- Occupations: Disability activist and social entrepreneur

= S Sankara Raman =

Activist and social entrepreneur

S Sankara Raman is an Indian disability activist and social entrepreneur. He serves as the honorary secretary of Amar Seva Sangam, a disability management Non-government organization based in Tamil Nadu. Sankara Raman was also an elected fellow at Ashoka in 2006. He also got into noticed during 2017 Mumbai Marathon when he didn't run the shorter 2.4 km category for disabled people but ran the 6 km run with everyone else.

== Early life and work ==
Raman was diagnosed with muscular dystrophy at the age of three. He studied to become a Chartered Accountant. His activism and efforts started with his father when he faced discrimination by Chartered Accountant firms by turning down his requests for internships. They wrote to Institute of Chartered Accountants of India and requested for a unique position for his situation. As a response, ICAI created positions for all disabled people in the CA firms of the country.

Raman started his own practice fearing discrimination at corporates. He also joined the Tamil Nadu Welfare Association for Physically Handicapped and worked on disability rights in parallel of his CA practice. In 1991 S. Ramakrishnan and decided to join Amar Seva Sangam to continue his work for disability rights. He also wrote for Frontline and commented on Government Bills on disability.

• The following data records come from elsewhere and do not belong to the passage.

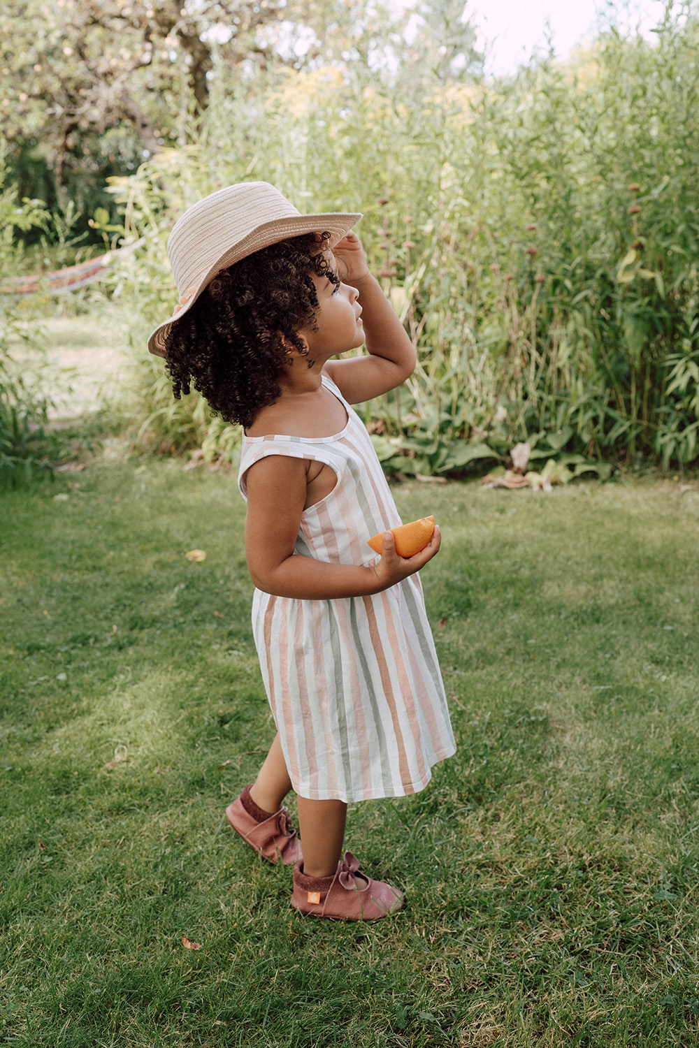 Dank des von Hand eingenähten Gummibands kann die Kinder-Barfußsandale bei den ganz Kleinen nicht abrutschen, während größere Kinder mühelos hinein- und herausschlüpfen. Das spart Zeit und macht den Alltag für Eltern leichter.
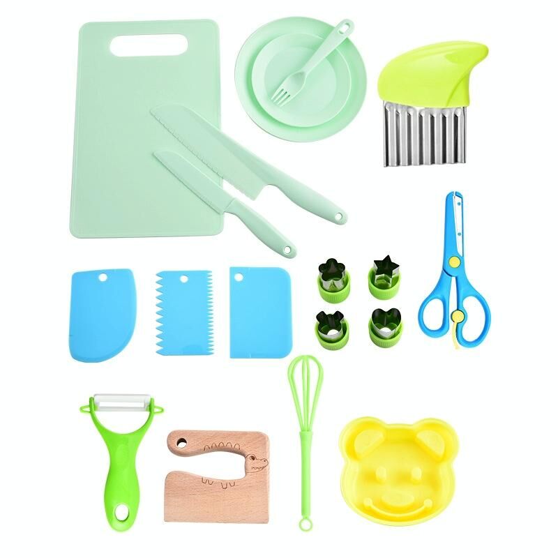 6. This childrens cooking set can help your children safely cut soft items such as vegetables, fruits, cakes, cheese, etc.
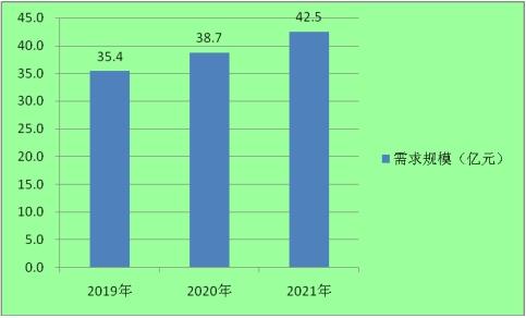 图表:2019-2021年军工线缆市场需求规模(亿元)
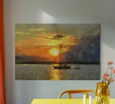 Questo suggestivo paesaggio marino di Ivan Aivazovsky raffigura un'imbarcazione che affronta onde turbolente al chiaro di luna. Il contrasto tra la luce argentea e l'acqua scura e agitata accresce il dramma e conferisce alla scena un'atmosfera poetica e ammaliante. La maestria di Aivazovsky nel gestire la luce e il movimento conferisce tensione e bellezza al mare notturno. La sua presenza lunatica e cinematografica lo rende particolarmente adatto a salotti, studi, biblioteche e interni raffinati che privilegiano un'arte drammatica e d'atmosfera.
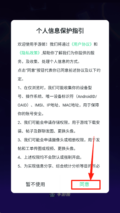 1、打开手游姬官方版软件同意相关的隐私协议规定;
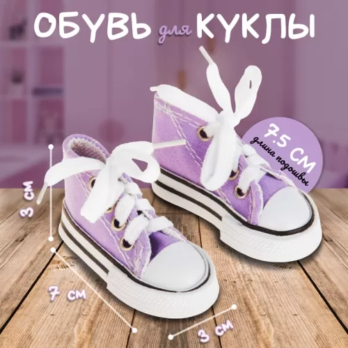 Кеды для кукол, длина подошвы 7.5 см, фиолетовые
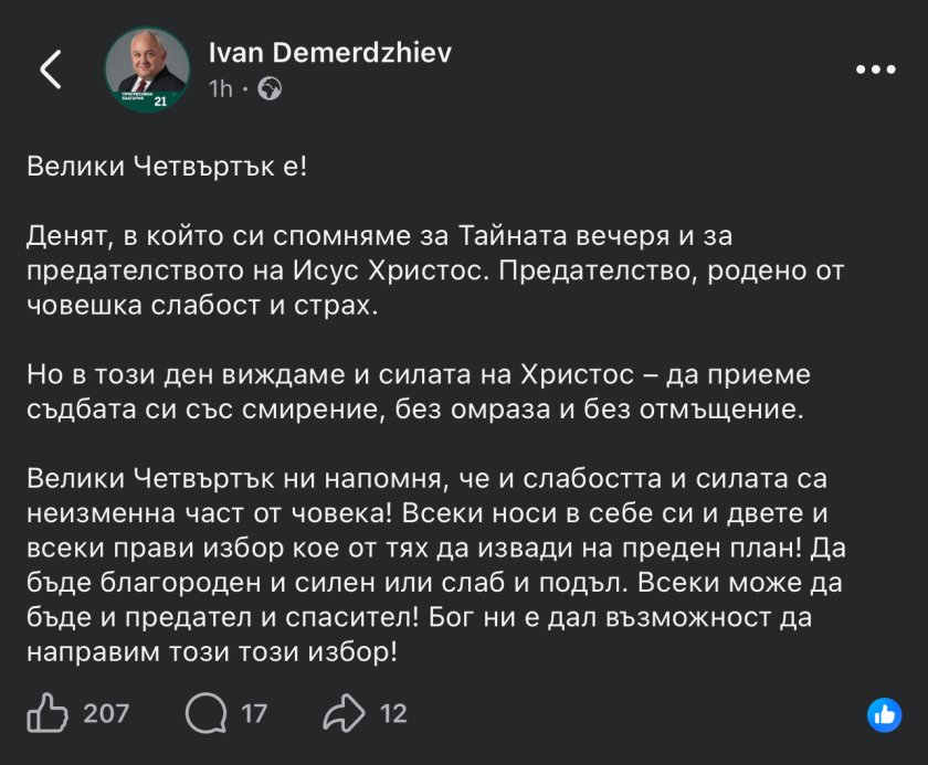Иван Демерджиев публикува послание по повод Велики Четвъртък, в което акцентира върху символиката на деня и значението на личния избор между слабостта и силата.
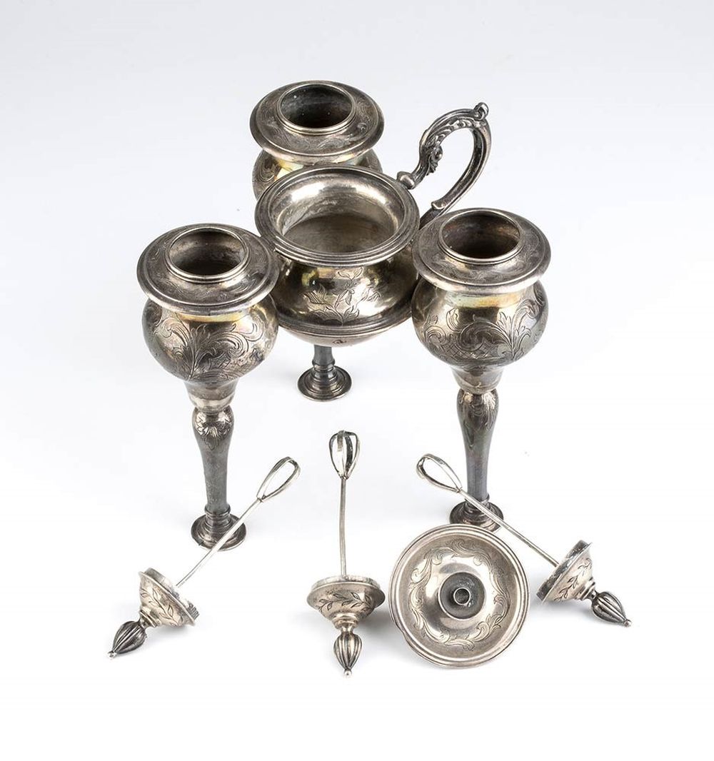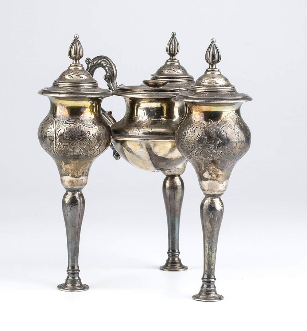 composta da tre contenitori laterali e uno centrale per lo stoppino, manico radiale. Argento 925/1000, serie completa di marchi Londra 1841-1842, maestro argentiere William Richards.

When Sankara Raman was refused by Marathon organizers for fundraisers, he actively took it to media highlight that they were Differently abled and not disabled. This led to fundraising marathons with disabled citizens also participating.

== Awards/recognition ==
Sankara is the recipient of Helen Keller Award by National Centre for Promotion of Employment for Disabled People Director Arin Paul made a movie on his life titled as S. Sankara Raman - The Man, The Myth, The Legend.